→ DATASET EXCERPTS
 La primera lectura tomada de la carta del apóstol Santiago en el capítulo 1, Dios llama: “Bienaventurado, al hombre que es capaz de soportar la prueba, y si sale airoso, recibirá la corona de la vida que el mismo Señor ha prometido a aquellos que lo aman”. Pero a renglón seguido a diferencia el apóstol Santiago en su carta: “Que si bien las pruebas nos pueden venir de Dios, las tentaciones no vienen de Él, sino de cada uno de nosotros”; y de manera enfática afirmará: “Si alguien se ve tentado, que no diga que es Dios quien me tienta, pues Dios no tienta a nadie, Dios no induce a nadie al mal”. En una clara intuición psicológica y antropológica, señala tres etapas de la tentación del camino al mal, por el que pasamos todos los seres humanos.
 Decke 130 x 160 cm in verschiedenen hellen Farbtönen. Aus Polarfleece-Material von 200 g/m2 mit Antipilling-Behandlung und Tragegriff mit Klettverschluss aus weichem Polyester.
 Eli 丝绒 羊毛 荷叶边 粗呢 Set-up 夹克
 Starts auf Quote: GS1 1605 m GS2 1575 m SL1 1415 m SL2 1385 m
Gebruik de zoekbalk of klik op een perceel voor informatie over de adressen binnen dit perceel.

→ WHAT TO PRODUCE
Start at the line with "Eli 丝绒 羊毛 荷叶边 粗呢 Set-up 夹克" and stop at the end of the records. Write those lines out exactly and add nothing.

→ RESULT OF THIS EXERCISE
 Eli 丝绒 羊毛 荷叶边 粗呢 Set-up 夹克
 Starts auf Quote: GS1 1605 m GS2 1575 m SL1 1415 m SL2 1385 m
Gebruik de zoekbalk of klik op een perceel voor informatie over de adressen binnen dit perceel.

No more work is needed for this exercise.